ABD’deki Northwestern Üniversitesi’nde konu üzerine yapılan geniş çaplı bir araştırma ekibinin lideri olan, nöroloji bölümünden Doç. Dr. Jason Ong, “İnsanların hayatlarında bir amaç edinmeleri, özellikle uykusuzluktan mustarip toplumlarda, medet umulan ilaçlardan bile çok daha etkili bir strateji” diyor.
Uyku kaliteniz hayata sizi bağlayacak ne denli önemli amaç ya da amaçlarınızın olduğuyla doğru orantılı olmasının yanında bu kişiler diğerlerine kıyasla uyku apnesine yüzde 63 daha az yakalanıyor, yüzde 52 oranında da daha az huzursuz bacak sendromu yaşıyor. Elbette bunlarla da sınırlı değil
TUTUNACAK BİR DALINIZ OLSUN
Hayat gayesi edinerek sadece iyi uyumaya başlamayacaksınız, daha uzun yaşayacaksınız.
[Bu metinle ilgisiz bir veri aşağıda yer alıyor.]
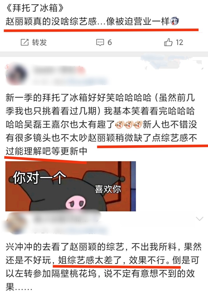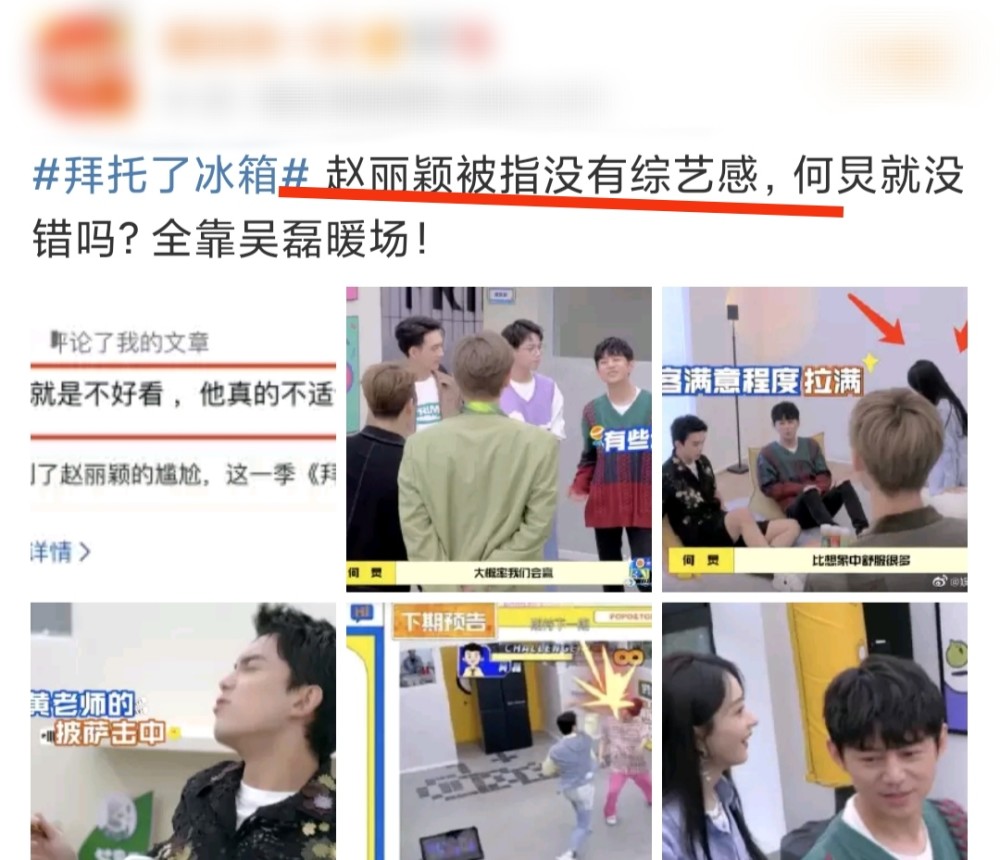 如图所示,在两期《拜托了冰箱》播出之后,一些营销号下场质疑赵丽颖没有综艺感,而一些观众,也理性的吐槽了赵丽颖的综艺感。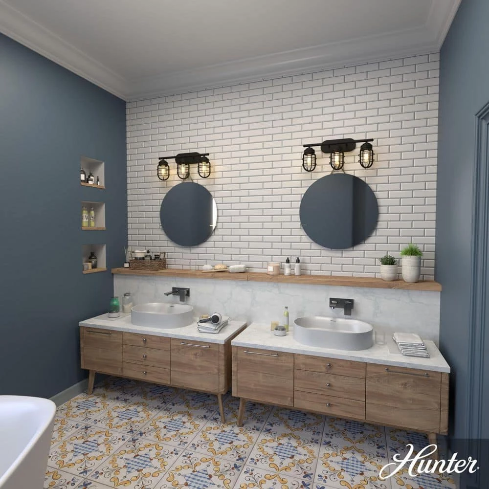 Turn-of-the-century inspiration with modern influences. The Starklake 3-light vanity light with caged shades stands out in modern industrial and farmhouse style bathrooms. Balancing industrial detailing with timeless design, the warehouse-inspired caged light elevates your space.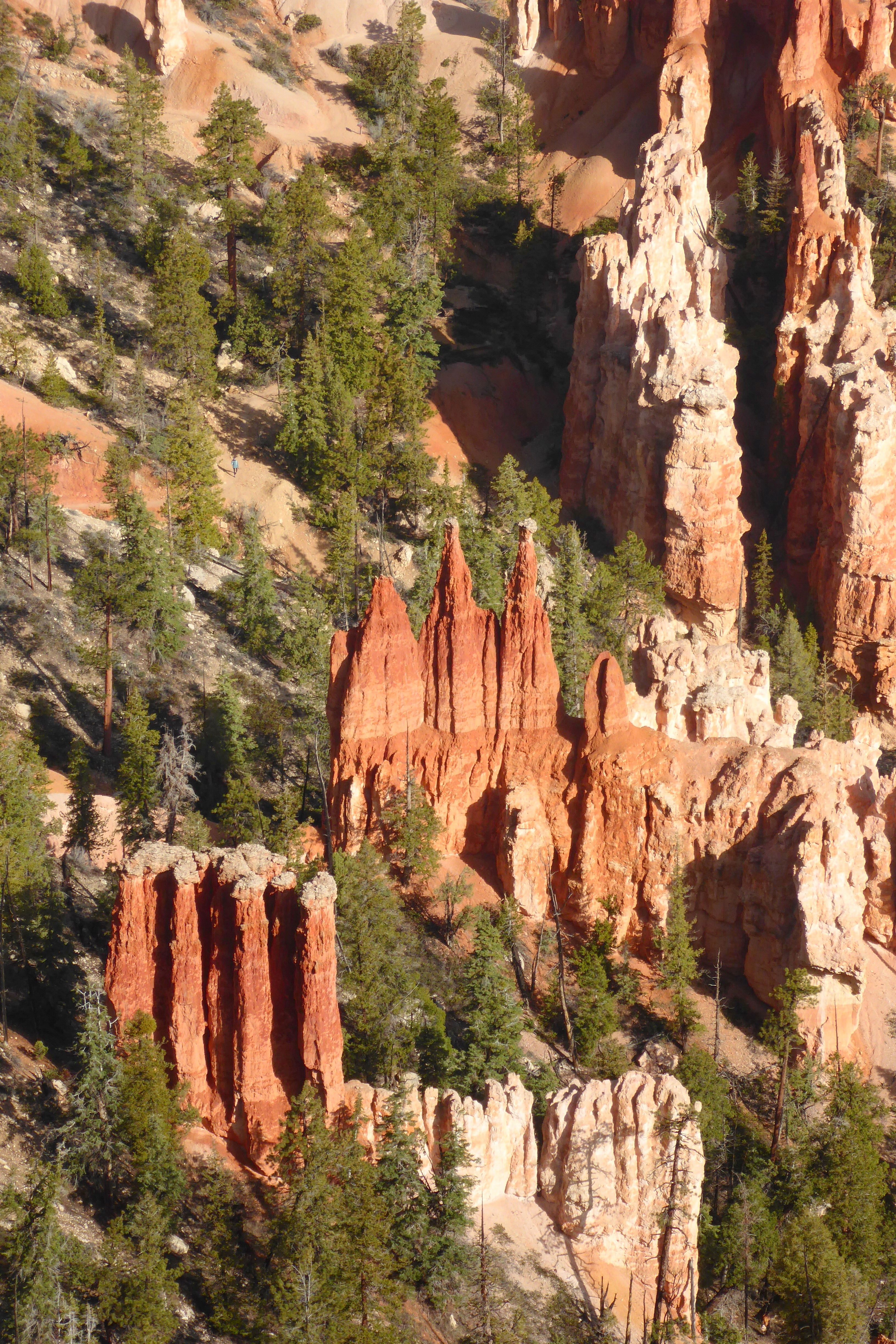 The best vantage points to see the hoodoos are Bryce Point, Inspiration Point, Sunset Point, and Sunrise Point.  We covered them all, and some of us also hiked down the Queen’s Garden Trail from Sunrise Point, descending 320 feet before heading back up to an elevation of 8,300 feet.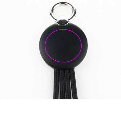 Latauskaapeli, sisältää 3 pistoketta: micro USB, lightning ja type-C. Kaiverrettu logo näkyy valaistuna, kun kaapeli on käytössä.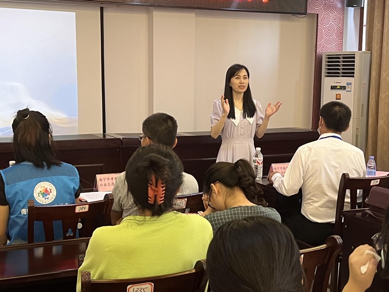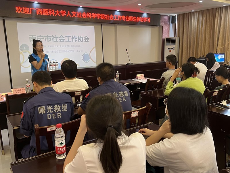 随后,师生们与南宁市社会工作协会、南宁市禁毒协会等5家社会组织代表座谈交流。各社会组织代表结合本机构的发展轨迹、特色服务项目的运作,展示了一幅幅社会组织成长的图景。同学们更近距离地理解社会工作专业的实务项目以及未来的发展前景,实践热情得到激发,纷纷就如何参与志愿服务、如何进行见习实习等问题进行提问。社会工作是一门实务性很强的专业。班级导师陈宇鼓励同学们充分利用课余时间参与志愿服务和社会服务项目,将平日所学专业知识与实际情况相结合,拓宽对社会工作各服务领域的认识,在实践与自我反思中不断积累知识和经验,为未来的职业发展奠定基础。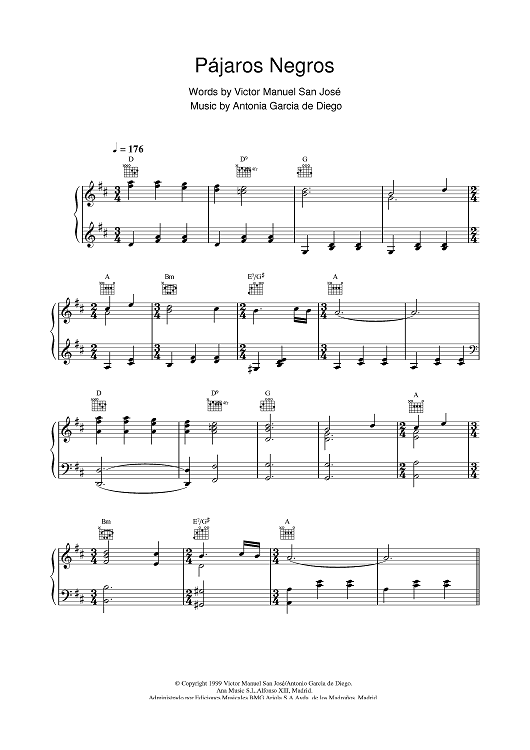 Digital Sheet Music for Pájaros Negros by Antonia Garcia de Diego, VictorTierra Mia Manuel San Jose scored for Piano/Vocal/Chords; id:379964
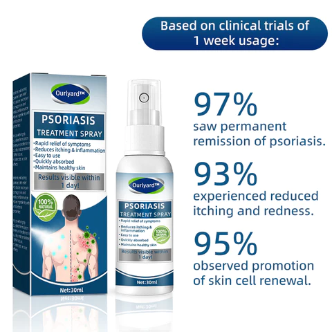 Ourlyard™ Psoriasis Treatment Spray cleanses the skin from the inside out, alleviating itching and inflammation. It is free from irritating chemicals and does not exacerbate already damaged skin. Ourlyard™ helps minimize the growth of skin cells triggered by psoriasis, providing relief from inflammation, itching, and scaling associated with this condition.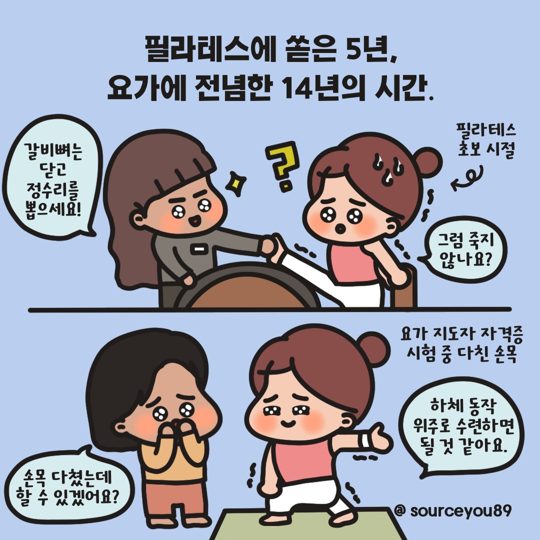 지금은 요가와 필라테스를 할 때 전문가 같다는 말을 듣지만, 당연히 초보인 시절도 있었고 부상을 당한 날도 있었어요.

Çünkü uzmanlar “Âsıl bir amacınız varsa kendinize dikkat eder, sağlığınızı önemsersiniz” diyor. Yani kafanıza koyduğunuz bir mesele varsa kendinizi koy vermez, yediklerinizi, içtiklerinizi, uykunuzu, beden ve ruh sağlığınız için spor yapmayı önemser, psikolojinizin yerinde olması için çabalarsınız.
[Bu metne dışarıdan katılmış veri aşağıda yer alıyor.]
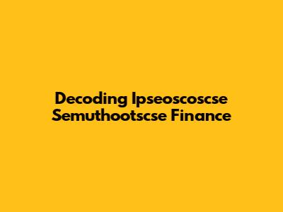 Decoding Ipseoscoscse Semuthootscse Finance
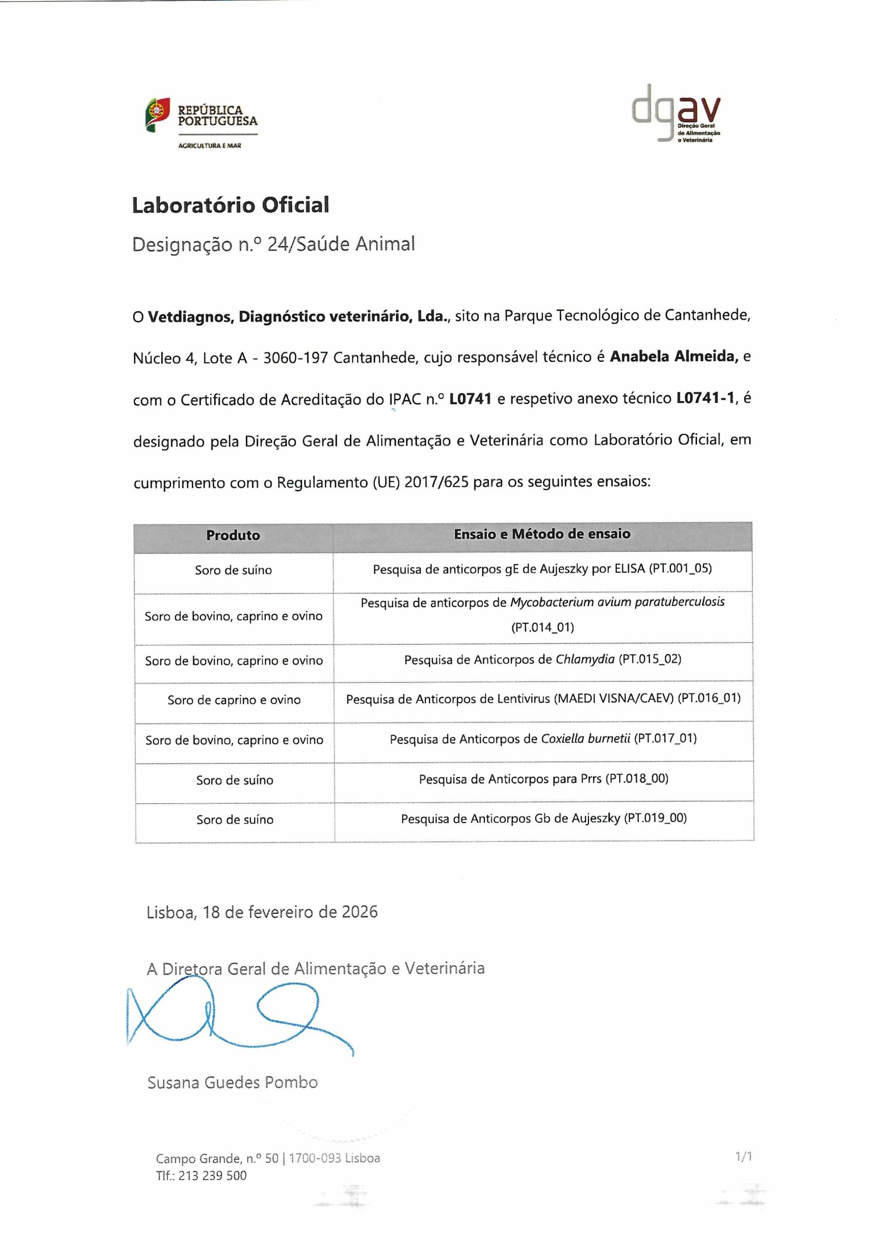 Laboratório Oficial, reconhecimento n.º 24/Saúde Animal, designado pela Direção Geral de Alimentação e Veterinária – DGAV.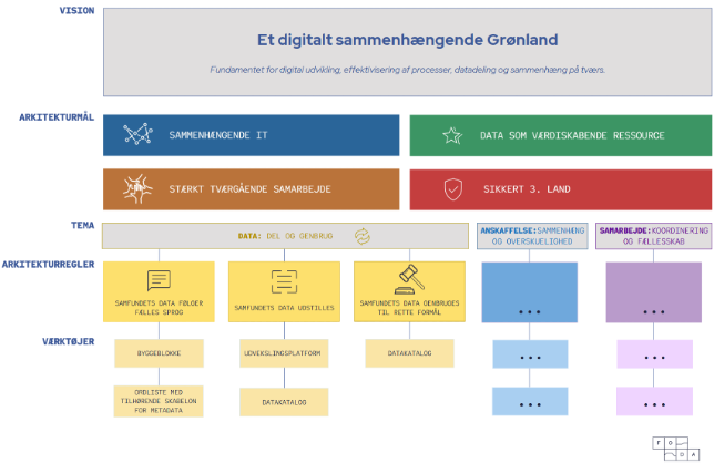 FODA er under konstant udvikling og bygger på nuværende tidspunkt på tre centrale temaer, der danner grundlag for arkitekturregler og værktøjer:

Kanada’daki Carleton Üniversitesi’nden Dr. Patrick Hill “Hayat gayenizin ne olduğunun, kaç yaşınızda bunu bulduğunuzun bir önemi yok. Bu sizi ayakta tutar, daha uzun yaşatır” diyor. New York’daki Rochester Üniversitesi’nden Nicholas Turiano da ona katılıyor: “Özellikle ileri yaştakilerin bir hayat amacı olmasının daha hayati olduğu sanılırdı oysa gençlerin de hayat kalitesi için epey önemli.” 19 yaşındaki kızını kaybedince hayat amacı üzerine kitap yazan Michigan Üniversitesi’nden Dr. Victor J. Strecher da uyarıyor: Araştırmalar gösteriyor ki hayatta bir amacı olmayan ya da yeterince güçlü bir gayeye sahip olmayanların olanlara kıyasla Alzheimer’a yakalanma ihtimali 2.4 kat fazla. Dahası bu ciddi risk yanında bu kişilerin kalp krizi geçirme riski de ciddi oranda artıyor.
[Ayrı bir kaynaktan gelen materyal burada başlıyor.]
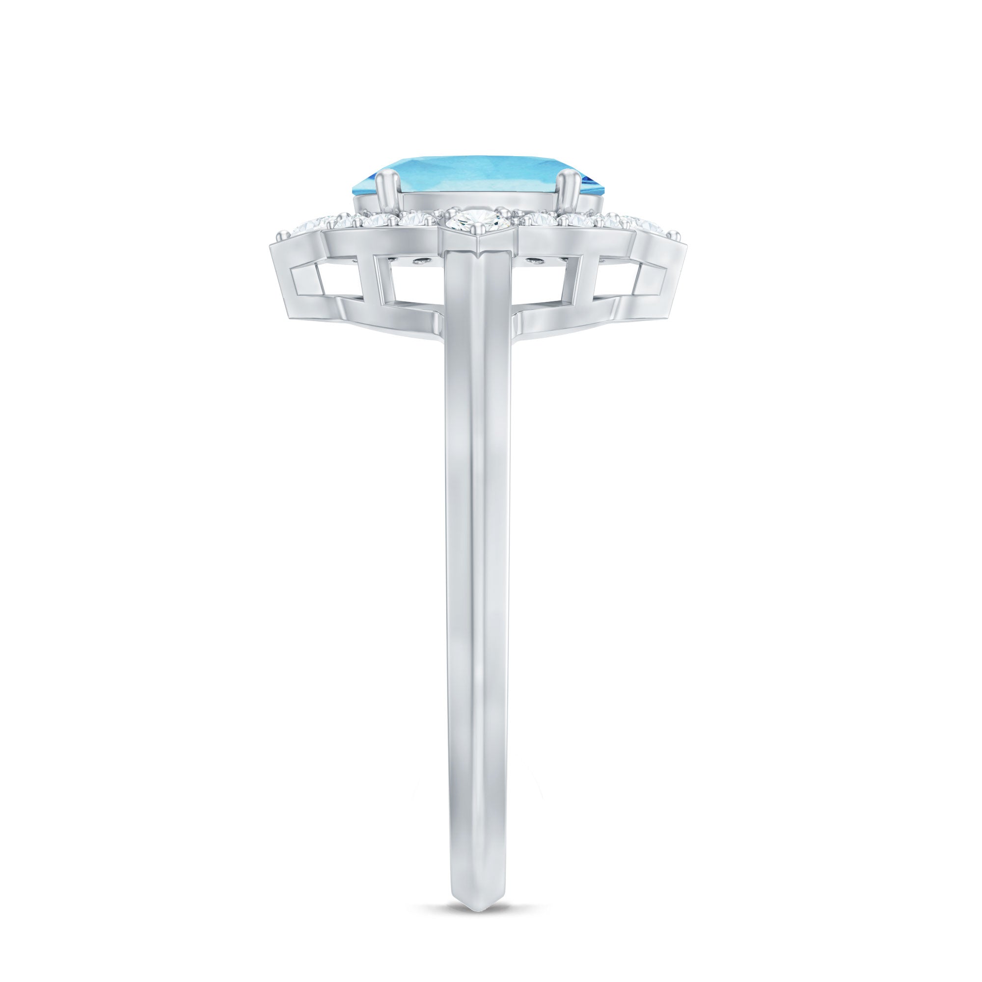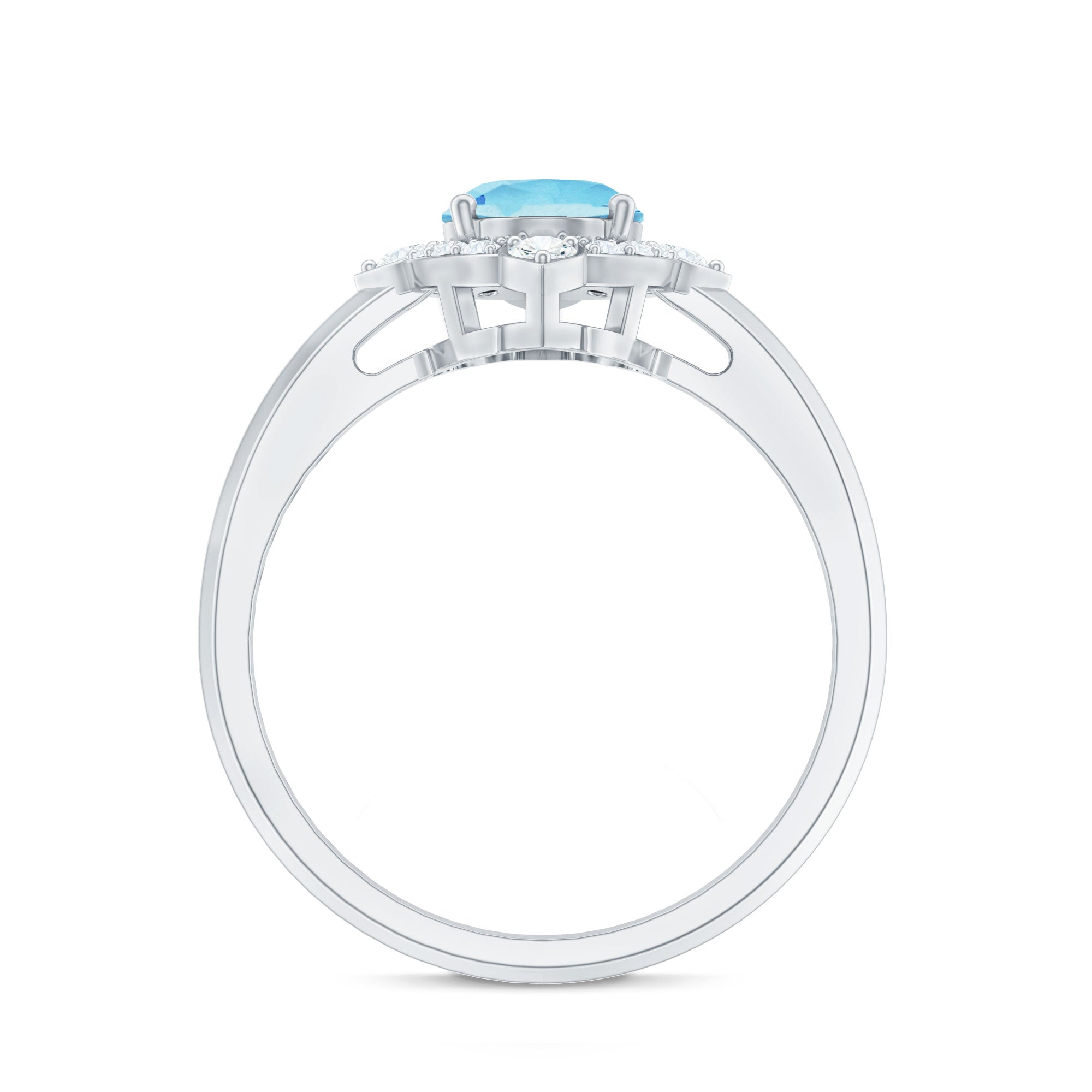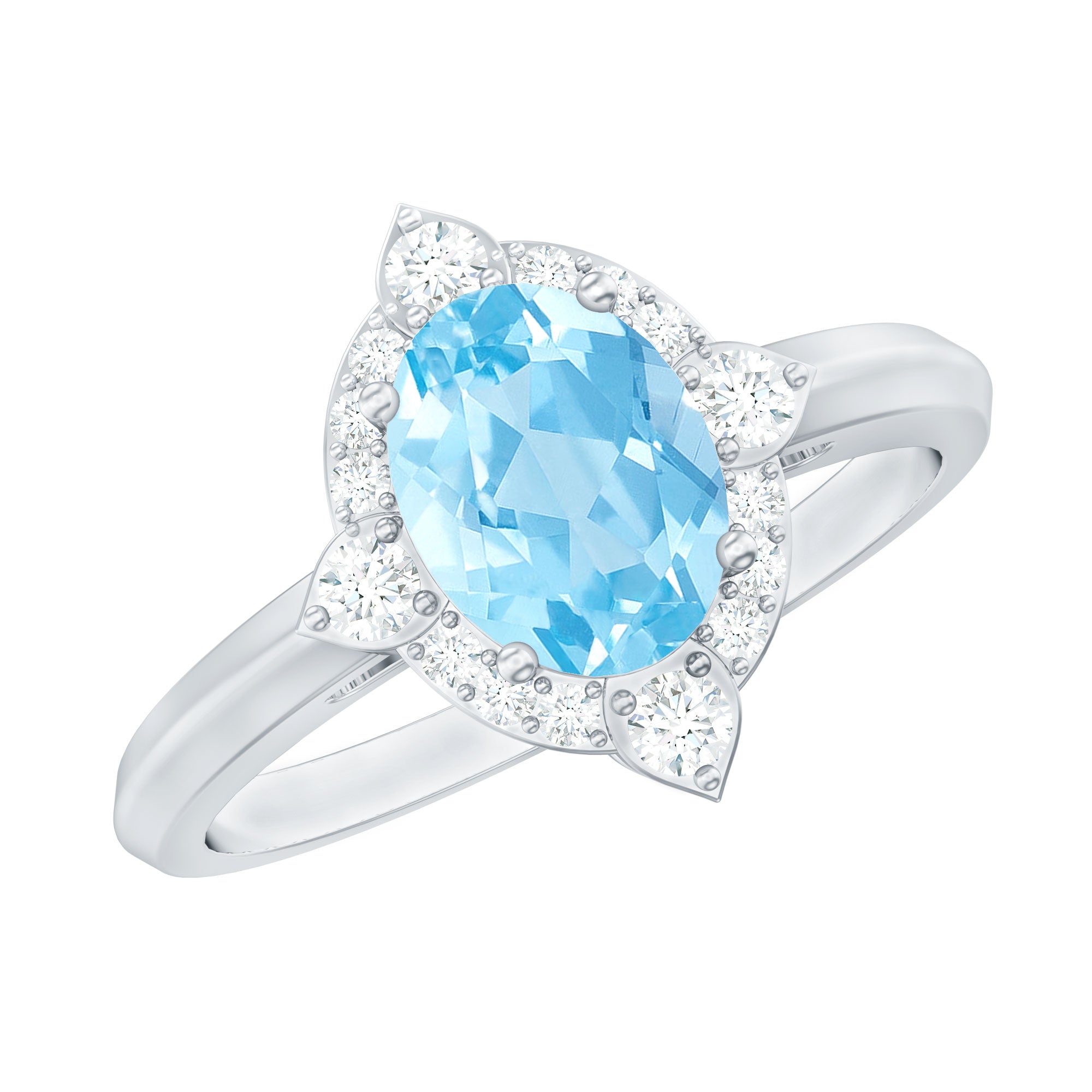 1.50 CT Art Deco Engagement Ring with Oval Shape Aquamarine and Diamond Accent

The Journal Development Psychology’de yayımlanan bir başka araştırmaya göre iyi yaşlanmanın yolu da hayat amacı sayesinde oluyor. Bu kişilerin depresyona yakalanma ihtimalleri de daha az. Çünkü bilim insanları her güne yaşam amacını anımsayarak uyanan kişilerin kendilerine depresyona girme şansı tanımadığını, daima hayatta güçlü durması gerektiğini bildiğini söylüyor.
Üstelik, kısa süreli hafızayı güçlendirmenin ve iyi zaman yönetiminin yolları da buradan geçiyor. Kimi zaman hayatı ıskaladıklarını düşünseler, çevreleri tarafından eleştirilseler de her şeye yetişir hatta Tim D. Windsor’a göre vakitlerini daha iyi yönetmeyi bilirler.
Alman Psikolog Paul Baltes da Windsor’la hemfikir: “Elbette bu kişilerin de yaş aldıkça fiziksel ve zihinsel bariyerlerle karşılaşmaları kaçınılmaz ancak kompanse etmek için yeni strateji arayışına girer, değişen koşullara hızlı adapte olur ve daha yaratıcı çözüm yolları bulurlar.”
Dahası güçlü bir hayat amacı olanlar, stresi de en iyi yönetmeyi bilenler... Hepimiz kendimizi savunmasız hissettiren tonla endişeye sahibiz ama beklenmedik bu talihsiz sürprizlere karşı bir hayat amacımız olduğunda kendimizi daha az savunmasız hisseder, savaşmak için silahımızı doğrulturuz.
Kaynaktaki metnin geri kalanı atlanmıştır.